Ugandans of all walks of life have continued to demand effective and quality services from their government, as one of its cardinal mandates which is to provide quality social services to its citizens, as a way of accounting to them for the trust with their votes and the taxes they pay.

Effective service delivery is a fundamental requirement for any government if it is to meet national needs. Delivering services of high quality is an important pursuit for a government that seeks to create and provide valuable service to and improve the wellbeing of its population.

Failure by any government to provide this to its citizens is a serious betrayal of their TRUST.

It should be noted that service delivery has no universally agreed-upon definition, and the talk of service delivery is pervasive in the political discussions of many people across nations.

However, “service delivery” can be said to be a common phrase used to describe the distribution of basic resources citizens depend on like water, electricity, sanitation, infrastructure, land, and housing.

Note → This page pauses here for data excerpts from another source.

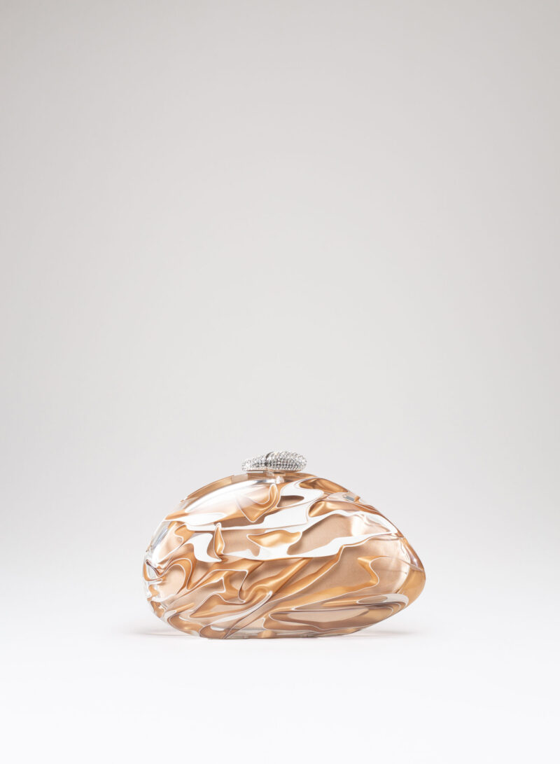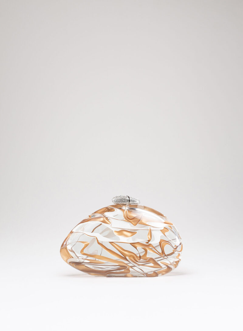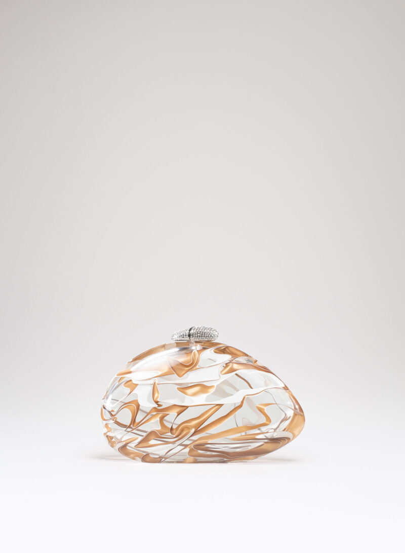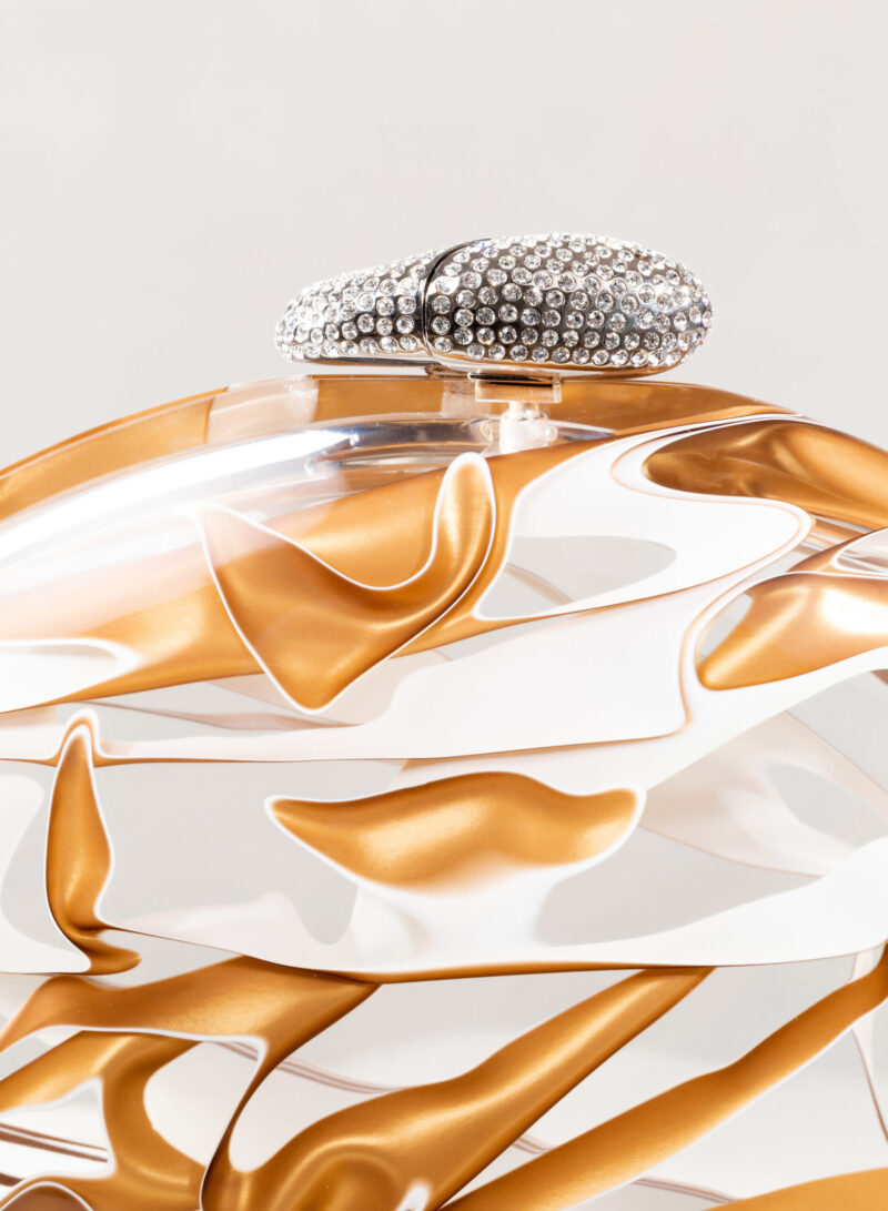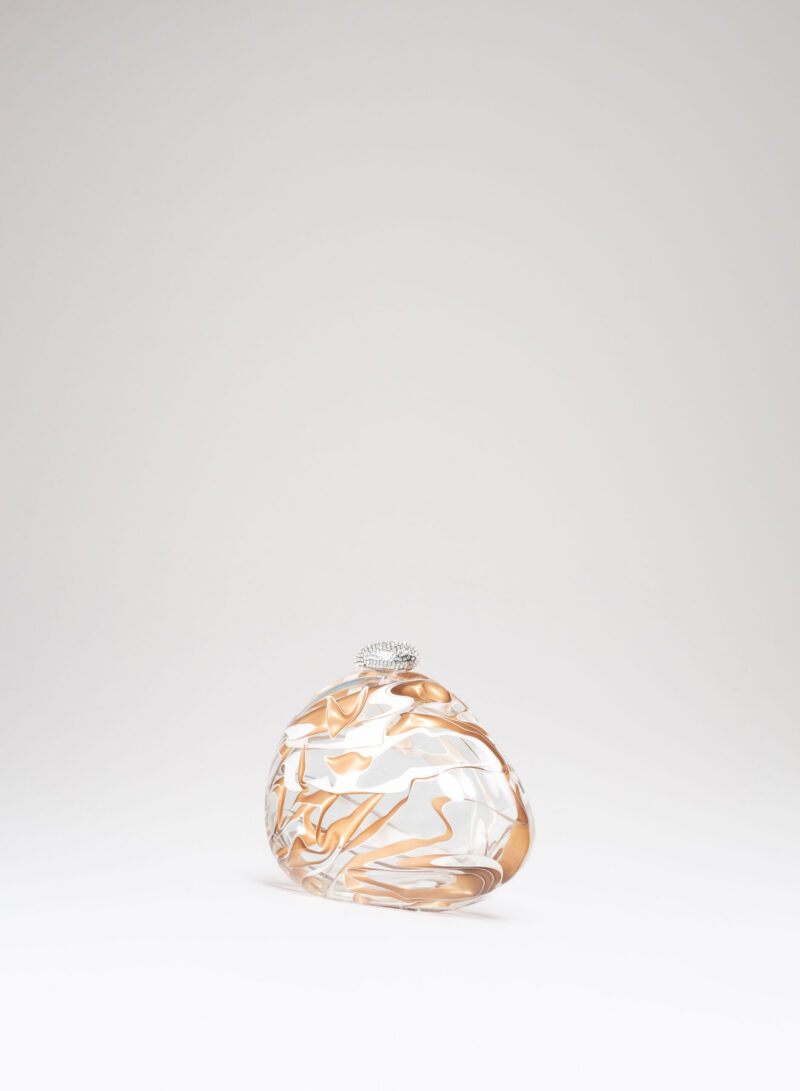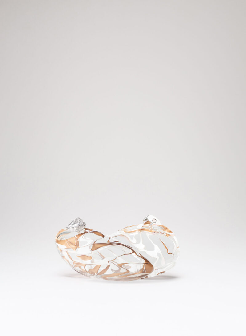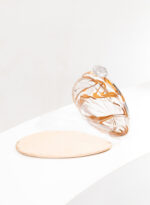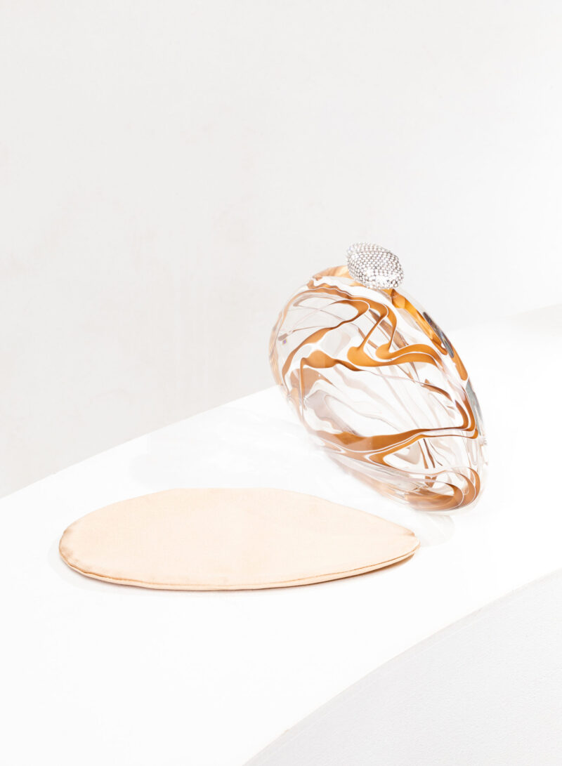 Una bolla d’aria e di colore che è il risultato della scultura e della levigatura di pannelli di metacrilato colorato, incollati e stratificati l’uno sull’altro a formare un solo blocco. La maestria di Nando (uno dei primi artigiani a lavorare il metacrilato per farne oggetti d’arte) le fa assumere quella forma aerea, organica. E solo una delicata e accorta lucidatura finale ne rivela le sorprendenti sfumature, donandole alla luce che le attiva e ne rende visibili le trasparenze.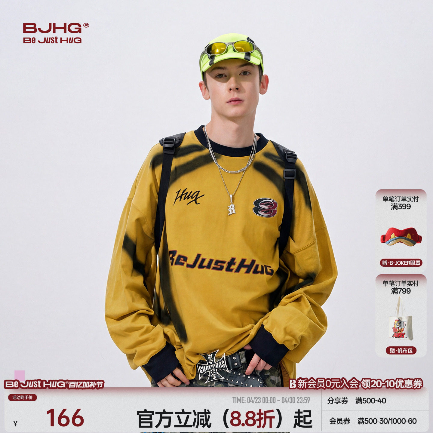 BJHG不计后果 美式球衣长袖T恤打底衫男款春hiphop赛车运动卫衣女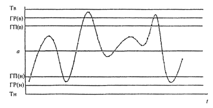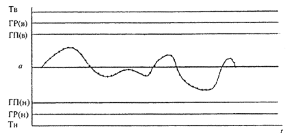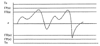 E.2.3 Расчет предупреждающих границ и границ регулирования Предупреждающие границы и границы регулирования рассчитывают отдельно по каждому показателю, контролируемому при приемке цемента. Предупреждающие границы ГП(в, н.) и границы регулирования ГР(в, н.) вычисляют по формулам: где а - норматив контролируемого показателя, установленный технологическим регламентом; S - среднее квадратическое отклонение, вычисленное по формулам (Е.2) или (Е.3); п - число результатов испытаний, используемых для расчета текущего среднего по формуле (E.1). Примечание - Если рассчитанные предупреждающие границы по какому-либо показателю качества не удовлетворяют требованиям нормативного документа, необходимо принять меры для повышения стабильности производства по этому показателю или соответствующим образом изменить норматив в технологическом регламенте. Е.2.4 Обработка результатов По рассчитанным значениям предупреждающих границ и границ регулирования, нормативам (требованиям) по стандарту (Тв,н) и технологическому регламенту (а) строят контрольные карты отдельно по каждому показателю, контролируемому при приемке цемента в потоке. На контрольную карту наносят значения текущих средних. По расположению текущих средних относительно предупреждающих границ и границ регулирования (рисунки E.1-Е.3) согласно E.1.5 принимают решение о приемке цемента в потоке. Пример приемки цемента в потоке по содержанию оксида серы (VI) SO3 Согласно технологическому регламенту содержание SO3 в цементе определяют два раза в смену (через 4 ч). Результаты определения содержания SO3 приведены в таблице Е.2.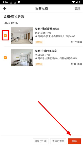 4、在选择状态下,勾选要删除的足迹记录,点击底部的删除按钮,即可完成删除。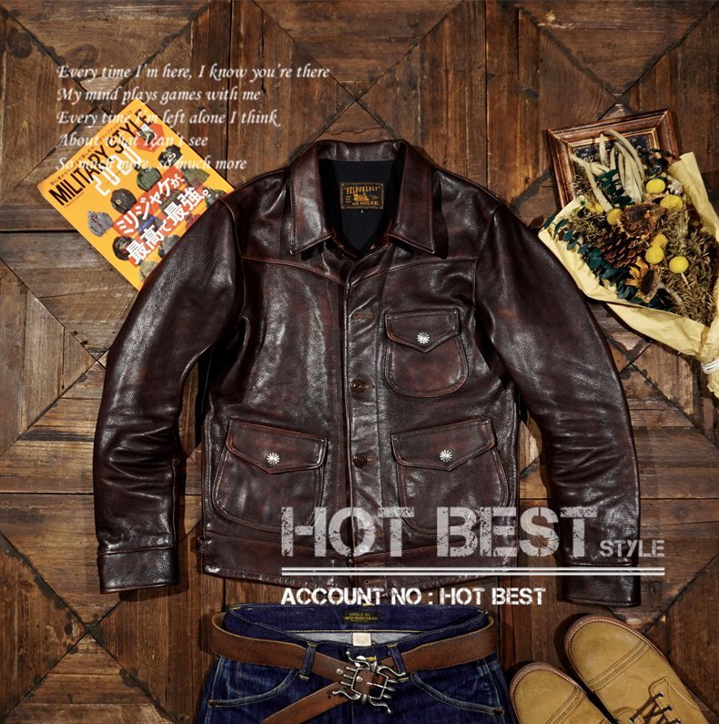 1.3mm 茶芯牛革 復刻20's A-1タイプ ウォッシュ加工 ヴィンテージ コサックスポーツジャケット ボマー ボンバー フライト Y1399/3XL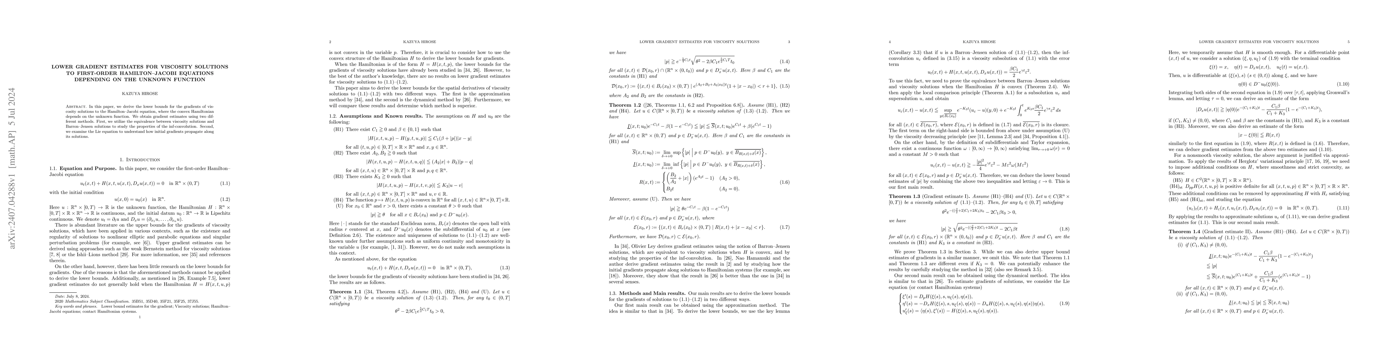 In this paper, we derive the lower bounds for the gradients of viscosity solutions to the Hamilton--Jacobi equation, where the convex Hamiltonian depends on the unknown function. We obtain gradient estimates using two different methods. First, we utilize the equivalence between viscosity solutions and Barron--Jensen solutions to study the properties of the inf-convolution. Second, we examine the Lie equation to understand how initial gradients propagate along its solutions.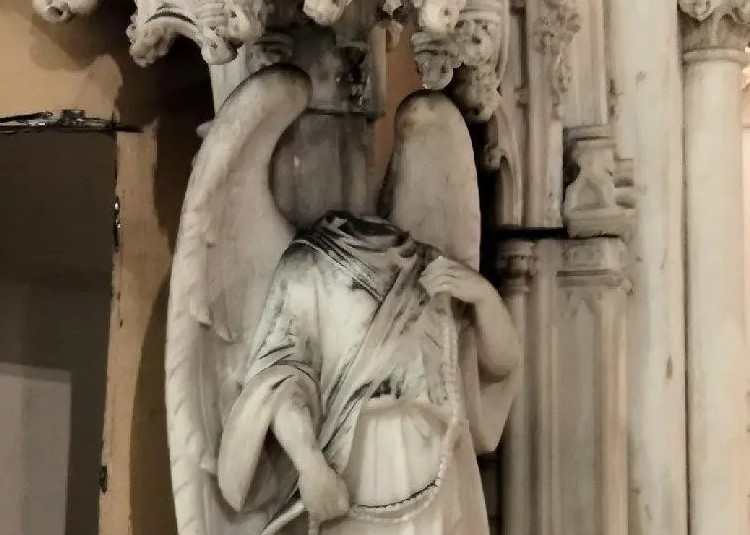 A bejeweled tabernacle believed to be worth $2 million was stolen from a Brooklyn church by godless thieves who also decapitated statues of angels, cops and church officials said Sunday. The crooks used power tools to slice open a steel cabinet at St. Augustine Roman Catholic Church in Park Slope and swipe the “pure 18-karat gold tabernacle with jewels” sometime between Thursday and Saturday, police said.
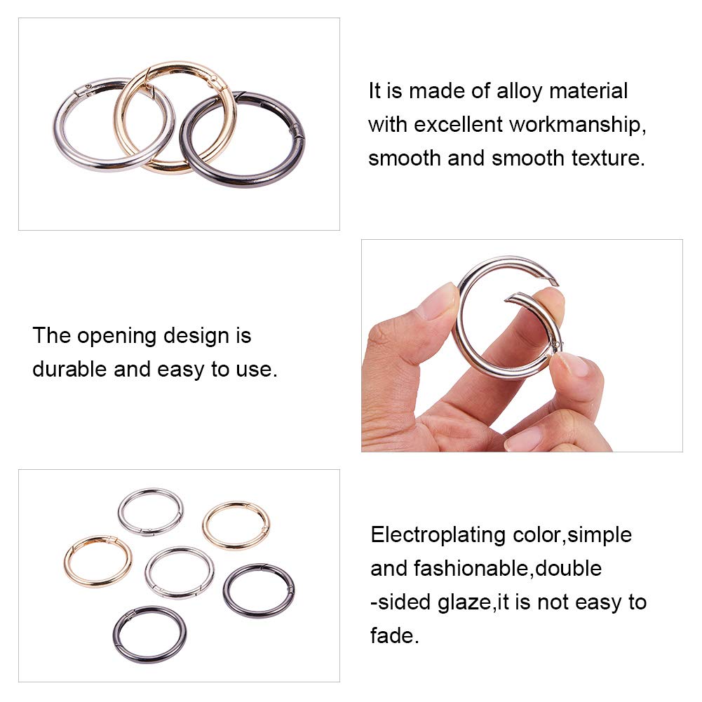 Diese runden Feder-O-Ringe von PATIKIL sind die kleinen Helfer für alles Mögliche! Aus Metall (Zinklegierung) gefertigt, sind sie robust, rostfrei und halten ewig. Mit ihrem Federmechanismus sind sie super einfach zu öffnen und zu schließen. Perfekt als Schlüsselanhänger, für Taschen, Geldbörsen, Gürtel, Lanyards oder als Bastelzubehör zum Aufhängen von Deko. Im Set sind 10 Stück in Goldton dabei, mit einem Drahtdurchmesser von 5mm. Einfach den richtigen Durchmesser wählen und schon hast du einen zuverlässigen Clip, der deine Sachen sicher zusammenhält. Vielseitig, praktisch und langlebig!

The government delivers a broad range of services that impact the well-being of individuals and organizations across the country and abroad. These services delivered directly or indirectly to millions of individuals, ranging from issuing passports to answering tax inquiries, to processing claims for taxi returns, provision of healthcare, education, judicial services, protection of civil liberties, employment and provision of a proper working environment to its citizens, etc.

All citizens of a country require the services of the central government at one time or another, and research indicates that they expect high-quality service. At the same time, the government must balance citizens’ service needs with policy requirements and available resources.

For instance, the government of Uganda delivers a broad range of services that have a direct impact on the well-being of individuals and organizations across the country and abroad. The services for individuals are varied, including those that might be received regularly and for an extended period, such as social benefit payments where they exist; those that might be accessed only once, such as applications for passports and residence and citizenship by aliens; or those that might be required periodically, such as renewal of a passport.

Delivering services of high quality is an important pursuit for service providers that seek to create and provide value for money to their clients/citizens. Through the provision of high levels of service quality, government can achieve increased citizens wellbeing and satisfaction, maintain loyalty and therefore long-term relationship with its citizen in terms of voting patterns and deal with dissenting voices.

In order to provide high levels of service quality and therefore improve the wellbeing of its population, government policymakers need to plan the delivery of these services and to ensure the successful implementation of the actual plan with no alteration to the plan. Therefore, good planning and effective implementation of the developed delivery plans are key factors for the Service Delivery System (SDS).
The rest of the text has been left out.